Jung's concept of the archetype is in the tradition of Platonic Ideas which are present in the minds of the gods and serve as the models of all entities in the human realm. Kant's a priori categories of perception and Schopenhauer's prototypes are also antecedents. With increasing use of the term, we meet frequent references to such phenomena as 'a necessary shift in the paternal archetype' or 'the shifting archetype of femininity'. The word was included in the Fontana Dictionary of Modern Thought in 1977. The biologist Sheldrake finds relevance between Jung's formulation and his theory of 'morphogenetic fields' (1981).
In 1934 Jung wrote:
The ground principles, the archetypal, of the unconscious are indescribable because of their wealth of reference, although in themselves recognisable. The discriminating intellect naturally keeps on trying to establish their singleness of meaning and thus misses the essential point; for what we can above all establish as the one thing consistent with their nature is their manifold meaning, their almost limitless wealth of reference, which makes any unilateral formulation impossible (CW 9i, para. 80).
Ellenberger (1970) identified the archetype as one of the three main conceptual differences between Jung and Freud in defining the content and behaviour of the unconscious. Following Jung, Neumann (1954) saw the archetypes recurring in each generation but also acquiring a history of forms based upon a widening of human consciousness. Hillman, founder of the school of Archetypal Psychology, cites the concept of archetype as the most fundamental in Jung's work, referring to these deepest premises of psychic functioning as delineating how we perceive and relate to the world (1975).
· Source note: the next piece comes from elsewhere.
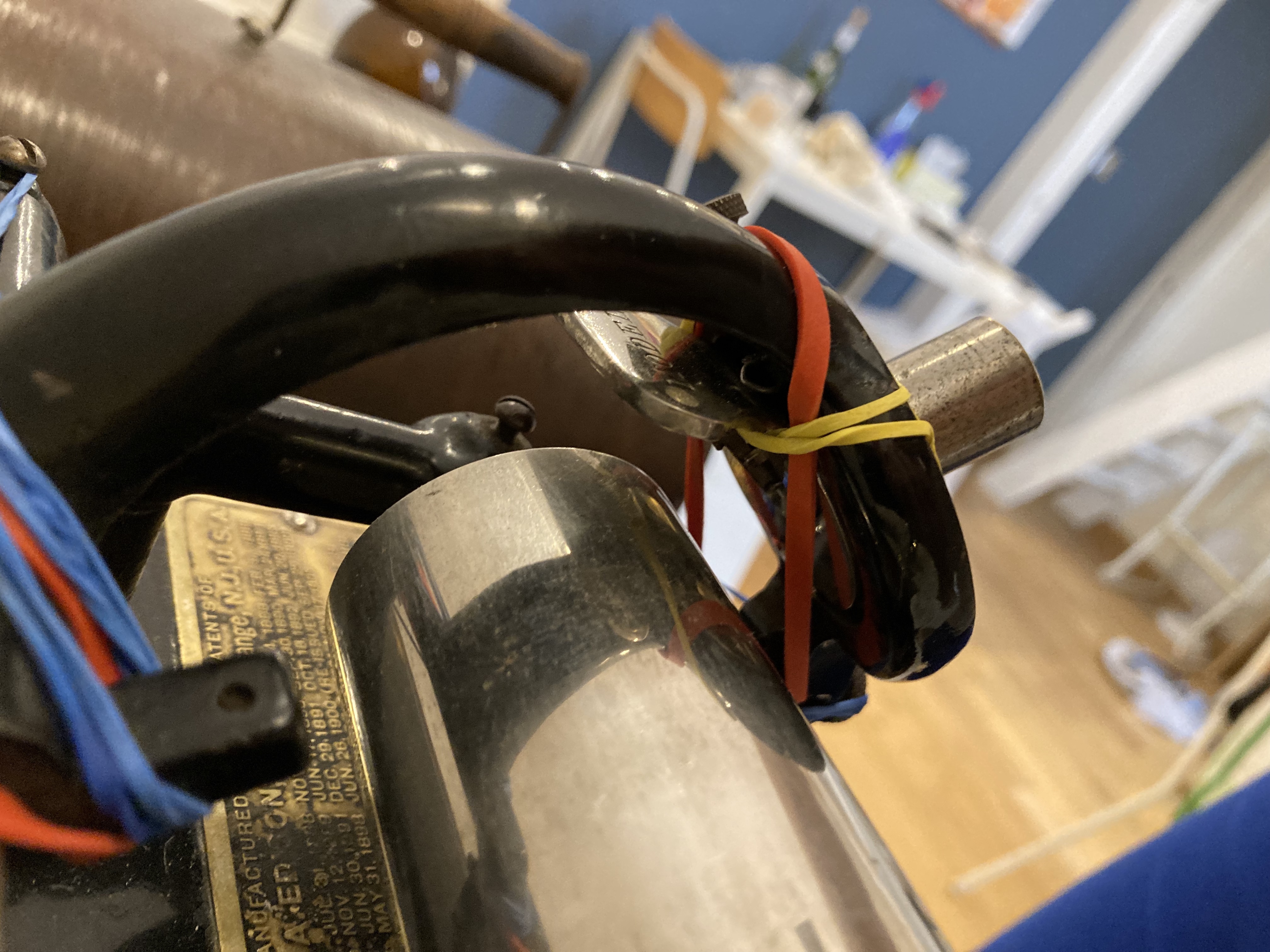 Finally, I'll wind the spring motor to wake it up. At first I'll start with the carriage in an up position and give it a few cranks, maybe five, and let it run down and repeat. Each time I walk by the machine I'll increase the number of turns on the crank. You're soon develop a feel as you approach the completely wound spring motor. Just be patient and go slowly and you'll be fine.

Williams argued that, since the archetypal structure remains skeletal without personal experience to flesh it out, the distinction between personal and collective dimensions of experience or categories of the unconscious might be somewhat academic (1963a).
Notions of innate psychological structure exist in present-day psychoanalysis, notably in the Kleinian school: Isaacs (unconscious fantasy), Bion (preconception), and Money-Kyrle (cf. Money-Kyrle, 1978). Jung's theory of the archetypes may also be compared to structuralist thought (Samuels, 1985a)."
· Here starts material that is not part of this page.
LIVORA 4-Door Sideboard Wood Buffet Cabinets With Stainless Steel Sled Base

We have had a lot of facinating discussions at this forum about the similarity of symbols around the world. Probably the most interesting for me personally have been looking at comparative serpent symbolism. This has obviously been wrapped around tracing cultural lines back though history.
If we bring Jung into the picture then we have an obvious problem: if these complex and often peculiar symbols that exist universally in the cultural projections of art and literature are products of the unconscious mind then their existance is no longer dependent on cultural transmission historically and can be explained as local, universal products of the psyche.
What does this do to the practice of tracing cultural lines though religous or 'esoteric' symbols?